Henry Byrd (1805–1884)
Henry Byrd was one of Arkansas’s most prolific antebellum portrait painters. His portraits present Arkansas’s merchants, planters, and professional gentlemen, along with their wives and children, as they wished posterity to see them.
Henry Byrd was born in Ireland in 1805, one of seven children born to William Byrd and Anne Garrett of Belmount Hall, County Tiperary. He immigrated to America and was naturalized through the port of New York City in November 1835. He established himself as a painter and resided at 164 Delancy Street in New York City.
During his years in New York, Byrd married Sarah J. Updike, and they had two children while still in New York. Sometime during the late 1830s, the family migrated south, appearing in New Orleans circa 1839. The newspapers recognized the newly arrived artist almost from the beginning. In 1841, the Picayune described an elaborate display containing two full-length portraits by Byrd. Unfortunately, no portraits from this period of Byrd’s work have been formally identified. Hundreds of paintings attributed to Byrd hang in private homes and public buildings, but for some unknown reason, Byrd seldom signed his paintings. As of 2010, there are only two known signed paintings.
Having attained success in New Orleans, Byrd first presented himself to the Arkansas public through a card in the Arkansas Gazette on August 4, 1841, announcing that he was available at the Anthony House, a local boarding house. His family was undoubtedly traveling with him, as his daughter Mary was born in Little Rock (Pulaski County) on August 21, 1841.

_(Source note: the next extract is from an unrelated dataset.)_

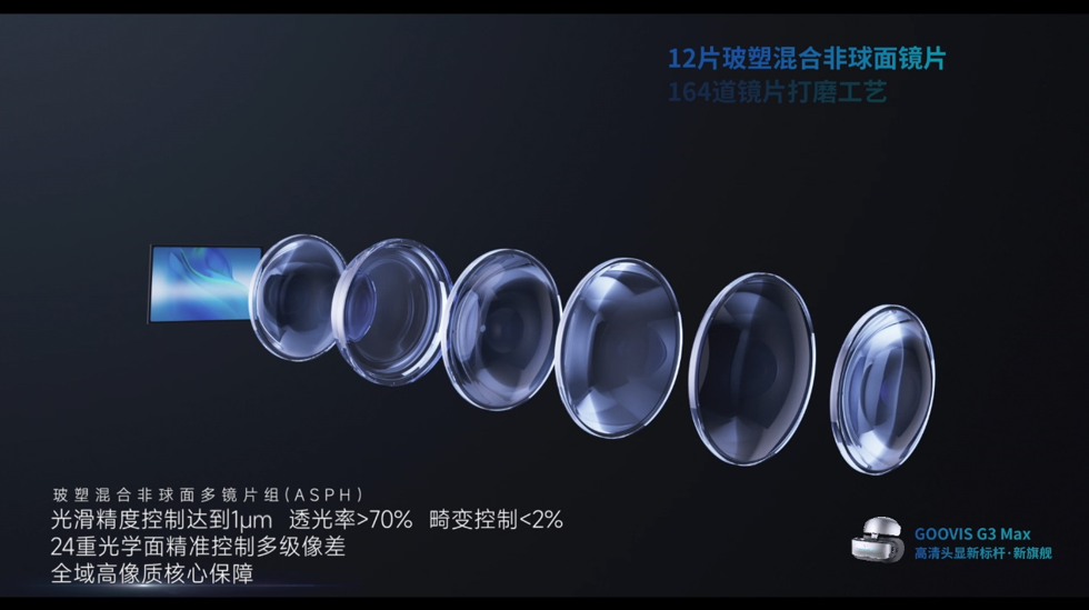在创始人彭华军看来,GOOVIS本质上是一台高精密的光学设备。 GOOVIS的光学可以将微型屏上所有信息近乎100%等比例放大至巨幕,且做到边缘画质清晰,如此优秀精湛的显示效果,得益于独家研发的光学方案——玻塑混合非球面多镜片组ASPH。

Byrd next appeared in Batesville (Independence County) and found a congenial home among the residents, making long-lasting friendships. In May and June 1843, the Arkansas Gazette called attention to Byrd three times, praising his work extravagantly. He was thereafter known as the premier portrait painter of Arkansas, his popularity never flagging. In spite of his success, 1843 was not a good year for Byrd. He was forced to file for bankruptcy in February, and the final report was filed in August, declaring him a “discharged bankrupt.” He was cleared of his debt but was allowed to keep only his household furniture and the tools of his trade. Further adding to the trials of the following years, his wife died on May 30, 1845.
In 1850, when Byrd was forty-six years old, he married Leinad Speers, a fellow Irish immigrant who was only seventeen years old when she married him. They had six children, and the family prospered, settling in El Dorado (Union County). Here, Byrd acquired properties and business lots and, most likely, was a business partner in the drugstore of J. B. Speers and Co., which occupied one of Byrd’s buildings (J. B. Speers being Byrd’s brother-in-law).
At the outbreak of the Civil War, Byrd was too old for military service, but his name appears on an undated list for equipping the Union County Regiment for Confederate service. His firstborn son, a member of Colonel Thomas Dockery’s Nineteenth Arkansas Infantry, died at the Battle of Vicksburg in 1863.
On October 9, 1867, Leinad died, and Byrd soon moved back to New Orleans, taking his five sons and one daughter with him. On March 3, 1870, he married Elizabeth Fairchild. The marriage ended in divorce after a few months. In 1873, he married Rosa Keiser, with whom he had two children. He settled in suburban Carrollton and began to reestablish himself, appearing in city directories from 1867 to 1883. In 1866, the New Orleans Times reported that Varina Howell Davis had visited Byrd’s studio to see three paintings of Jefferson Davis, her husband. She pronounced them to be about the most correct portraits of him that she had ever seen.
Henry Byrd died in Carrollton on September 26, 1884. He painted until the end, completing one of two life-sized self-portraits only two weeks before his death.
For additional information:
Bennett, Swannee. Arkansas Made: A Survey of the Decorative, Mechanical, and Fine Arts Produced in Arkansas, 1819–1870. Vol. 2. Fayetteville: University of Arkansas Press, 1991.
Hudson, Ralph M. “Art in Arkansas.” Arkansas Historical Quarterly 3 (Winter 1944): 299–350.
Klopfenstein, Philip A. “John Henry Byrd.” Jefferson County Historical Quarterly 4.4 (1973): 4–12.